• _DATASET SECTION_
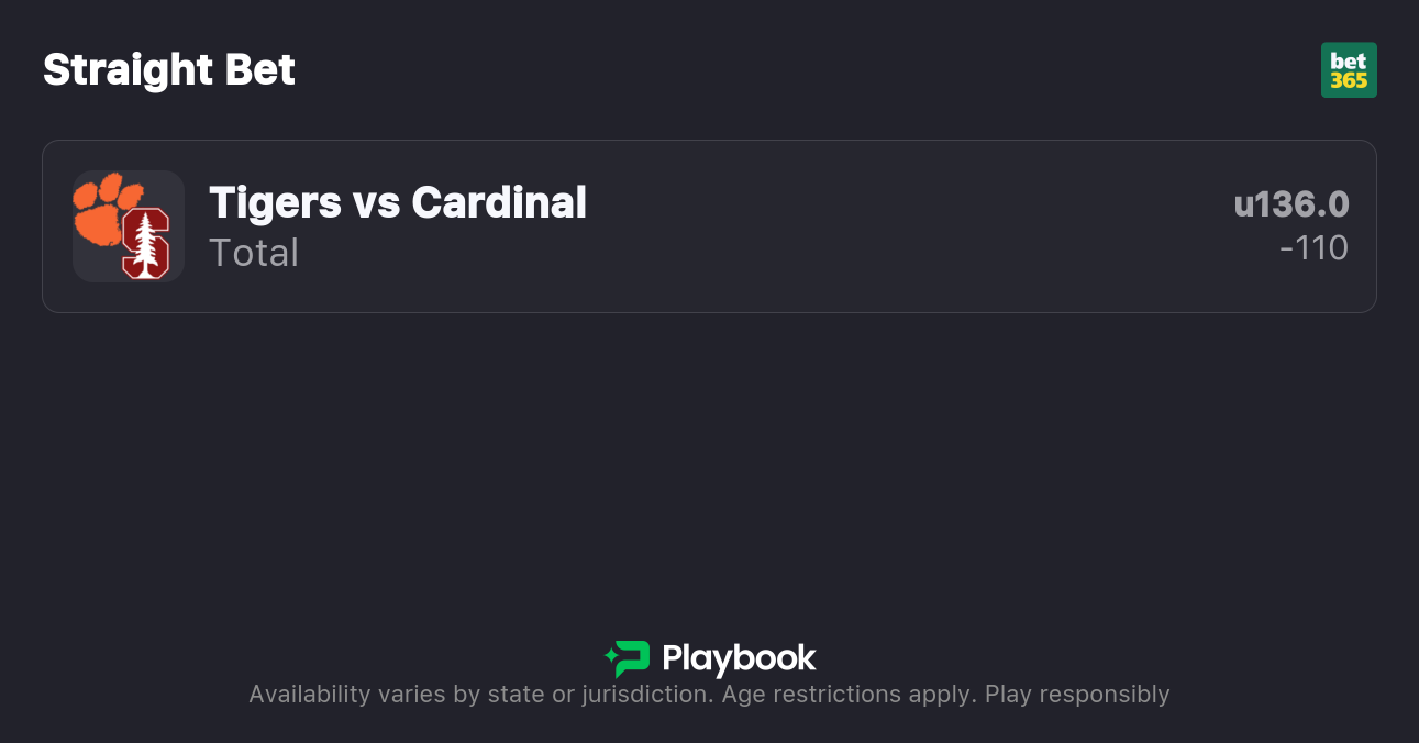 - Clemson vs Stanford moneyline: Clemson -230, Stanford +190
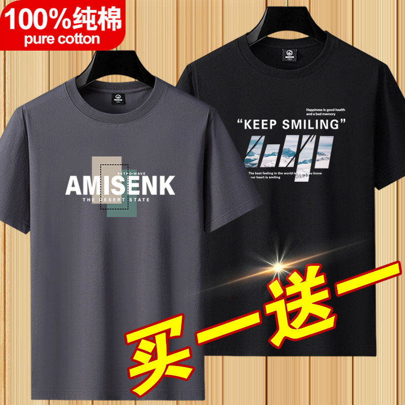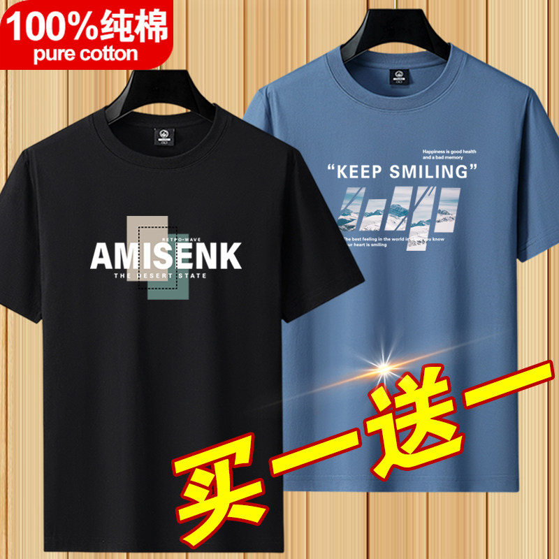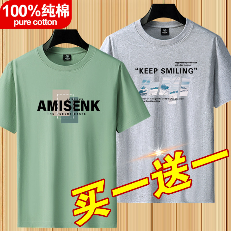 100%新疆纯棉短袖t恤男夏季新款2025圆领宽松体恤半袖百搭打底衫
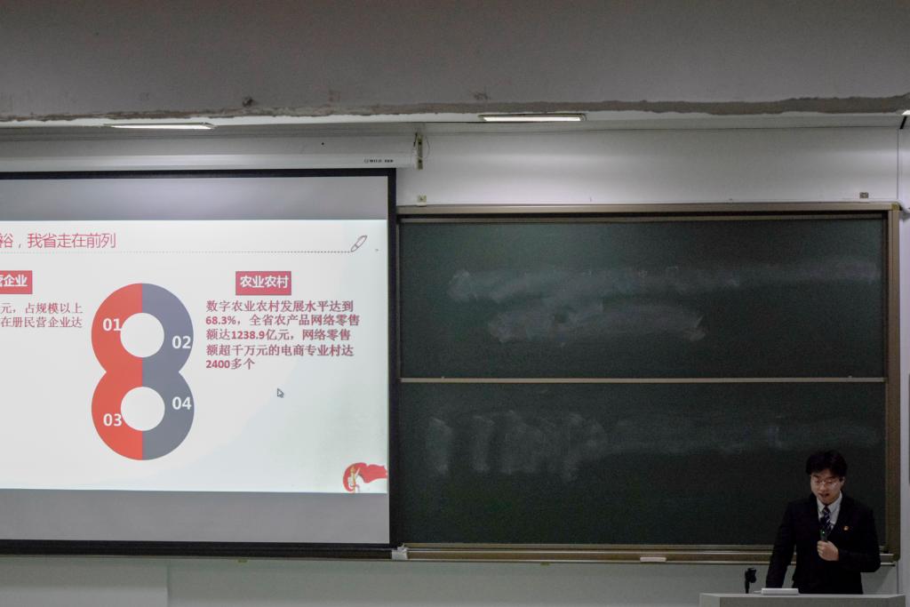 4月19日晚,商学院于SC216举行微党课宣讲暨“习近平新时代中国特色社会主义思想”主题知识竞赛。商学院党委副书记、纪委书记吴琼,学生党支部书记潘剑邦、石文媛、任紫君出席,学院各学生支部代表、入党积极分子参加。
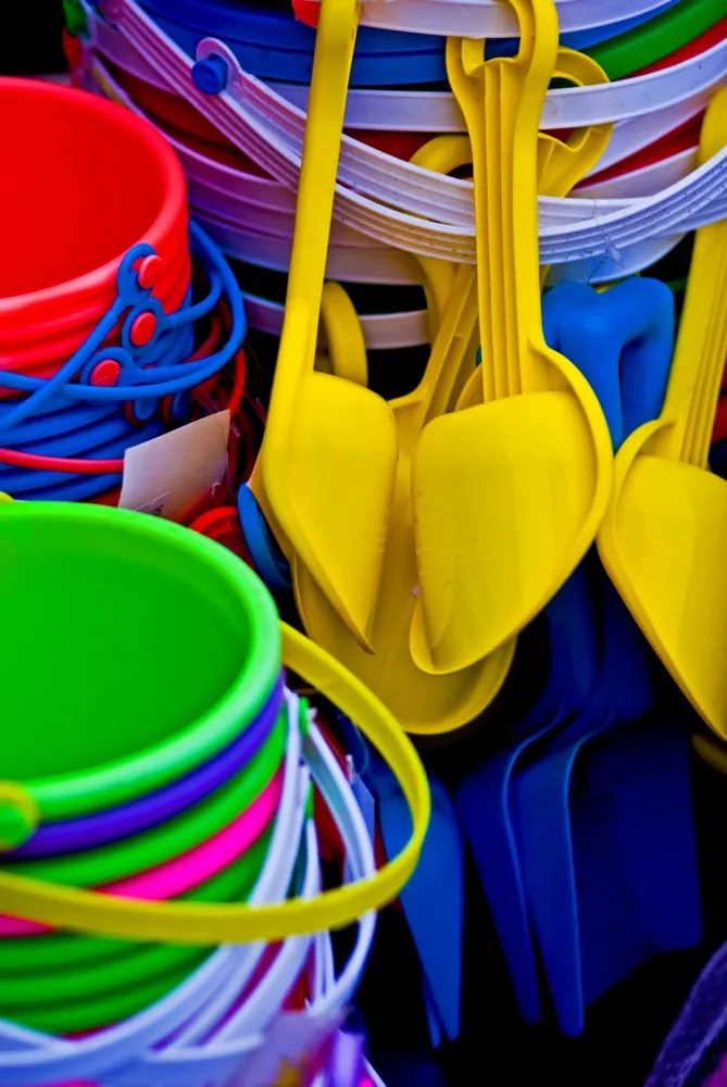 Pails and shovels await the children headed for the beach this summer at Ocean City, MD.

• _WHAT YOU SHOULD DO_
Lines from the one with "100%新疆纯棉短袖t恤男夏季新款2025圆领宽松体恤半袖百搭打底衫" through the final line of the listing above: copy them exactly, both ends included, and omit every picture.

• _YOUR SOLUTION_
 100%新疆纯棉短袖t恤男夏季新款2025圆领宽松体恤半袖百搭打底衫
 4月19日晚,商学院于SC216举行微党课宣讲暨“习近平新时代中国特色社会主义思想”主题知识竞赛。商学院党委副书记、纪委书记吴琼,学生党支部书记潘剑邦、石文媛、任紫君出席,学院各学生支部代表、入党积极分子参加。
 Pails and shovels await the children headed for the beach this summer at Ocean City, MD.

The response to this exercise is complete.